Department of Clinical Chemistry, Amsterdam UMC - location VUmc, Amsterdam, The Netherlands.
ORTEC Netherlands, Zoetermeer, The Netherlands.
BMC Bioinformatics. 2021 Jun 26;22(1):347. doi: 10.1186/s12859-021-04263-9.
Computational tools analyzing RNA-sequencing data have boosted alternative splicing research by identifying and assessing differentially spliced genes. However, common alternative splicing analysis tools differ substantially in their statistical analyses and general performance. This report compares the computational performance (CPU utilization and RAM usage) of three event-level splicing tools; rMATS, MISO, and SUPPA2. Additionally, concordance between tool outputs was investigated.

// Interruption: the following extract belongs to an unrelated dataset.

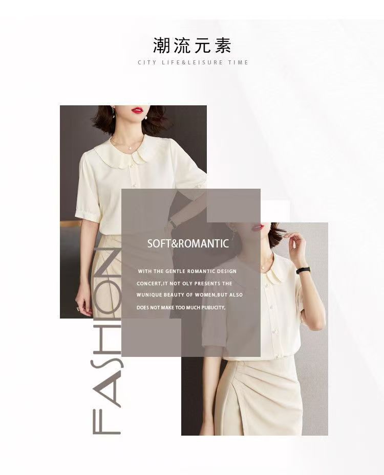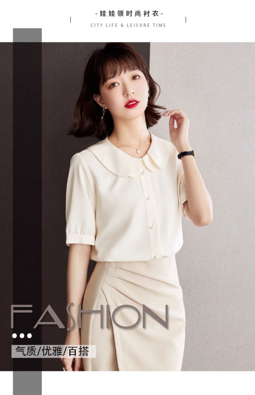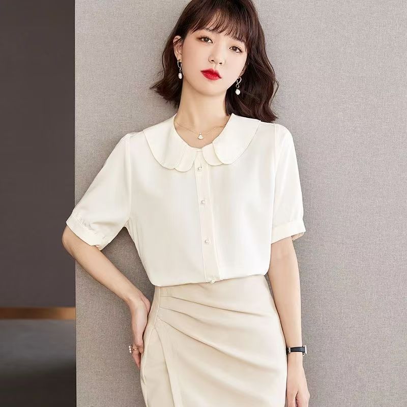 여성을위한 인형 칼라 반팔 쉬폰 셔츠 2025 여름 신작 스타 같은 스타일 패션 달콤한 솔리드 컬러 슬림 셔츠스토어 가기

Log-linear relations were found between job times and dataset size in all splicing tools and all virtual machine (VM) configurations. MISO had the highest job times for all analyses, irrespective of VM size, while MISO analyses also exceeded maximum CPU utilization on all VM sizes. rMATS and SUPPA2 load averages were relatively low in both size and replicate comparisons, not nearing maximum CPU utilization in the VM simulating the lowest computational power (D2 VM). RAM usage in rMATS and SUPPA2 did not exceed 20% of maximum RAM in both size and replicate comparisons while MISO reached maximum RAM usage in D2 VM analyses for input size. Correlation coefficients of differential splicing analyses showed high correlation (β > 80%) between different tool outputs with the exception of comparisons of retained intron (RI) events between rMATS/MISO and rMATS/SUPPA2 (β < 60%).
Prior to RNA-seq analyses, users should consider job time, amount of replicates and splice event type of interest to determine the optimal alternative splicing tool. In general, rMATS is superior to both MISO and SUPPA2 in computational performance. Analysis outputs show high concordance between tools, with the exception of RI events.
分析 RNA 测序数据的计算工具通过识别和评估差异剪接基因,推动了可变剪接研究。然而,常见的可变剪接分析工具在其统计分析和总体性能上有很大的不同。本报告比较了三种事件级剪接工具;rMATS、MISO 和 SUPPA2 的计算性能(CPU 利用率和 RAM 使用情况)。此外,还研究了工具输出的一致性。
在所有剪接工具和所有虚拟机(VM)配置中,作业时间与数据集大小之间都存在对数线性关系。无论 VM 大小如何,MISO 的作业时间都最高,而 MISO 分析在所有 VM 大小上也超过了最大 CPU 利用率。rMATS 和 SUPPA2 的平均负载在大小和重复比较中都相对较低,在模拟最低计算能力的 VM(D2 VM)中,没有接近最大 CPU 利用率。rMATS 和 SUPPA2 的 RAM 使用情况在大小和重复比较中均未超过最大 RAM 的 20%,而 MISO 在 D2 VM 分析中输入大小达到了最大 RAM 使用量。差异剪接分析的相关系数显示,不同工具输出之间具有高度相关性(β>80%),除了 rMATS/MISO 和 rMATS/SUPPA2 之间的保留内含子(RI)事件比较(β<60%)之外。
在进行 RNA-seq 分析之前,用户应根据作业时间、重复次数和感兴趣的剪接事件类型来确定最佳的可变剪接工具。一般来说,rMATS 在计算性能方面优于 MISO 和 SUPPA2。分析输出显示工具之间具有高度一致性,除了 RI 事件。